BUG: Integer Capacity Higher Than Necessary in Mappings from Pandas to SQLAlchemy Types · Issue #35076 · pandas-dev/pandas (original) (raw)
- I have checked that this issue has not already been reported.
- I have confirmed this bug exists on the latest version of pandas.
- (optional) I have confirmed this bug exists on the master branch of pandas.
Problem description
Currently, to map the Pandas data type to a SQLAlchemy type: https://github.com/pandas-dev/pandas/blob/master/pandas/io/sql.py#L1066-L1069, the code reads:
elif col_type == "integer": if col.dtype == "int32": return Integer else: return BigInteger
This means integers of a capacity less than 32-bit are written to the database as if they were 64-bit. An example where one might get smaller integers is through the use of pd.to_numeric and downcast=True
.
Since there is already a check for the col_type == "integer"

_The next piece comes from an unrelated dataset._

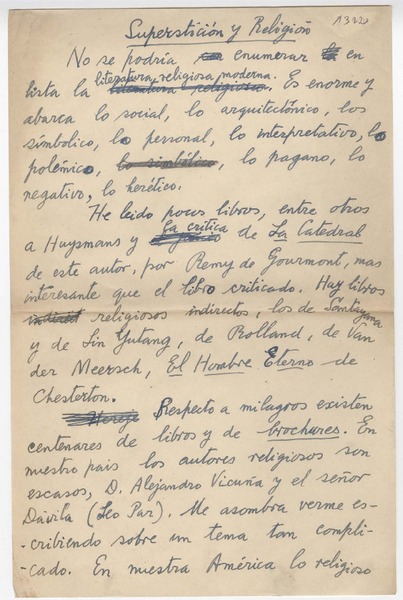 Superstición y religión [manuscrito] Joaquín Edwarsd Bello.

, I think switching the col.dtype
check to this could be a possible fix:
elif col_type == "integer": if col.dtype == "int64": return BigInteger else: return Integer
But I'm not sure how to get started with an official PR or if this is a sane thing to do.
For context (this part is not an issue for Pandas, just explaining my interest in this issue), I discovered this when using the df.to_sql method to persist datasets to a Postgres database. From there, I use Postgraphile to auto-generate a GraphQL endpoint. I found that the BigInteger
type ends up resolving as a string, because Javascript can't represent such large numbers safely. This would be fine if the source data warranted the high-capacity, but for me it often doesn't.
Expected Output
That the column types that get written to a new table in the database more tightly match their data types in Pandas.
Workarounds
If using df.to_sql, one could set the dtype
argument but this can be unruly when there are many columns in the DataFrame.

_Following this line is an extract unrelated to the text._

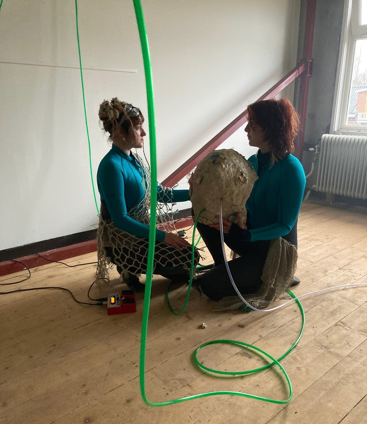 In the period between November and December '24, Radina and Samantha researched, gathered natural and reclaimed materials from the region’s coastlines, and connected with the local human and nonhuman surroundings. During their stay in the Bierumer School, they navigated through stories and experiences related to water and landscape. From field recording to hydro sounds, myths, material research, and foraging; each element captures and amplifies the voices of both human and non-human entities in relation to the area’s transformation.

For now, I have this helper method to downcast integer columns to their lowest capacity, but then back to 32-bit to persist them to the database with the desired column type:
def cast_to_int32(df): # Downcast to the lowest possible representation. for col in df.select_dtypes(include=['int']).columns.values: df[col] = pd.to_numeric(df[col], downcast='integer') # Upcast back to 32-bit (since that's what gets persisted correctly) for col in df.select_dtypes(include=['int8', 'int16']).columns.values: df[col] = df[col].astype('int32') return df
Output of pd.show_versions()
INSTALLED VERSIONS
commit : None
python : 3.8.2.final.0
python-bits : 64
OS : Linux
OS-release : 5.4.0-39-generic
machine : x86_64
processor : x86_64
byteorder : little
LC_ALL : None
LANG : en_US.UTF-8
LOCALE : en_US.UTF-8
pandas : 1.0.5
numpy : 1.19.0
pytz : 2020.1
dateutil : 2.8.1
pip : 20.0.2
setuptools : 44.0.0
Cython : None
pytest : None
hypothesis : None
sphinx : None
blosc : None
feather : None
xlsxwriter : None
lxml.etree : None
html5lib : None
pymysql : None
psycopg2 : 2.8.5 (dt dec pq3 ext lo64)
jinja2 : None
IPython : None
pandas_datareader: None
bs4 : None
bottleneck : None
fastparquet : None
gcsfs : None
lxml.etree : None
matplotlib : None
numexpr : None
odfpy : None
openpyxl : None
pandas_gbq : None
pyarrow : None
pytables : None
pytest : None
pyxlsb : None
s3fs : None
scipy : None
sqlalchemy : 1.3.17
tables : None
tabulate : 0.8.7
xarray : None
xlrd : 1.2.0
xlwt : None
xlsxwriter : None
numba : None